— REQUIREMENT —
Please retype the data below exactly, stopping after the line with "経年劣化により塗料の吸い込み" and skipping every picture.

— DATASET CONTENT —
^^^^
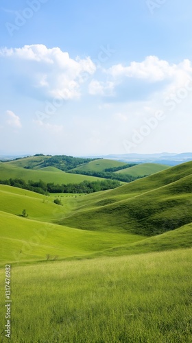 Fototapeta premium A beautiful, lush green field with a clear blue sky above. The sky is dotted with clouds, giving the scene a peaceful and serene atmosphere. The field is vast
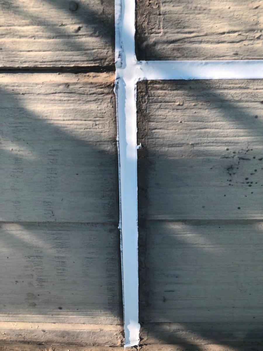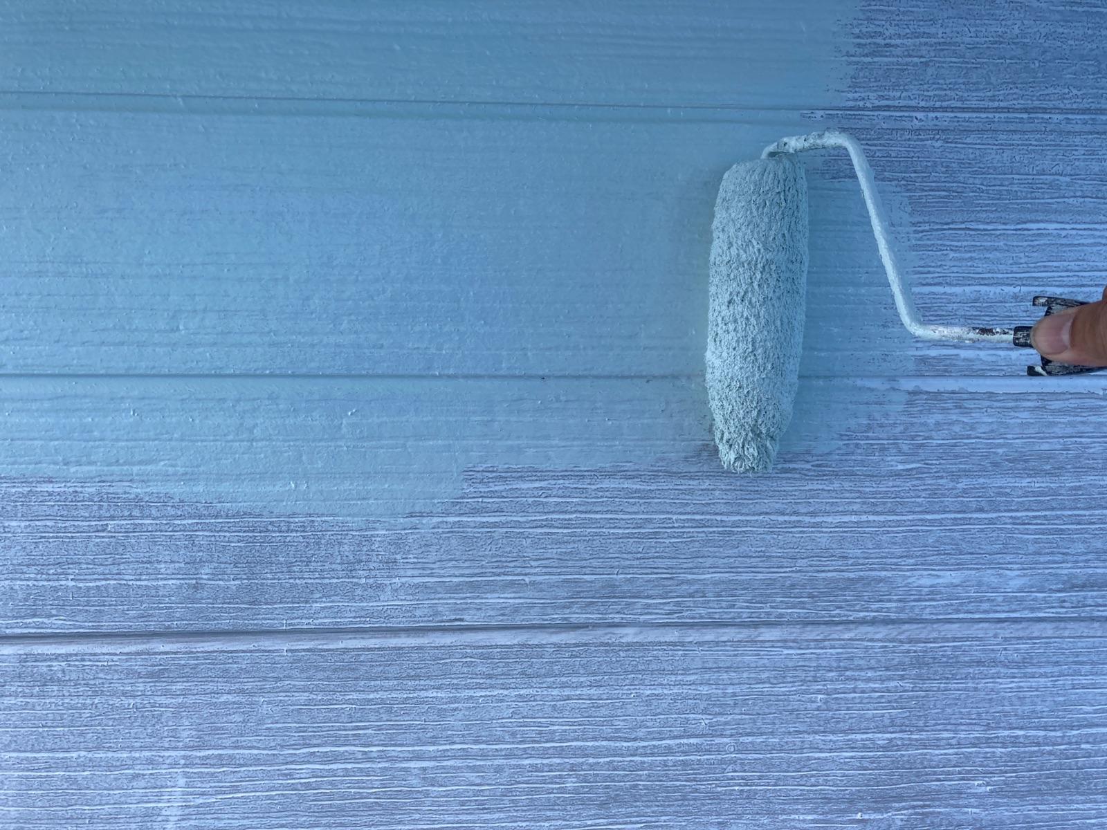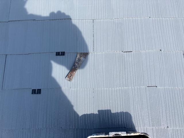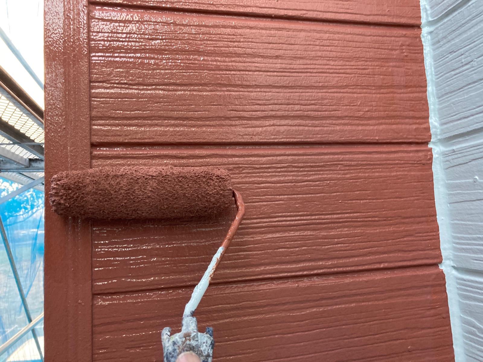 経年劣化により塗料の吸い込みが見られましたので下塗り材を2回塗布してから、屋根は縁切り部材タスペーサーを挿入し、上塗り材を2回塗布しました。外壁はコーキキングを打ち替え塗装しました。塗料は屋根、外壁ともアステックペイントの遮熱機能を兼ね備えた塗料を使用。スレートや窯業系サイディングは蓄熱性が高いため、遮熱塗料を塗布する事により夏の室内温度上昇を軽減する事が期待できます。色は屋根がラセットブラウン。外壁はベランダ部だけ色を変えて2色使いにしました。うっすらとグリーンを感じるオパールグリーンを主に、ベランダはテラコッタを。
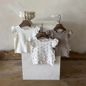 T-Shirt Bambina con Maniche Volant Cotone Morbido 3 Varianti
^^^^
— EXERCISE ANSWER —
 Fototapeta premium A beautiful, lush green field with a clear blue sky above. The sky is dotted with clouds, giving the scene a peaceful and serene atmosphere. The field is vast
 経年劣化により塗料の吸い込みが見られましたので下塗り材を2回塗布してから、屋根は縁切り部材タスペーサーを挿入し、上塗り材を2回塗布しました。外壁はコーキキングを打ち替え塗装しました。塗料は屋根、外壁ともアステックペイントの遮熱機能を兼ね備えた塗料を使用。スレートや窯業系サイディングは蓄熱性が高いため、遮熱塗料を塗布する事により夏の室内温度上昇を軽減する事が期待できます。色は屋根がラセットブラウン。外壁はベランダ部だけ色を変えて2色使いにしました。うっすらとグリーンを感じるオパールグリーンを主に、ベランダはテラコッタを。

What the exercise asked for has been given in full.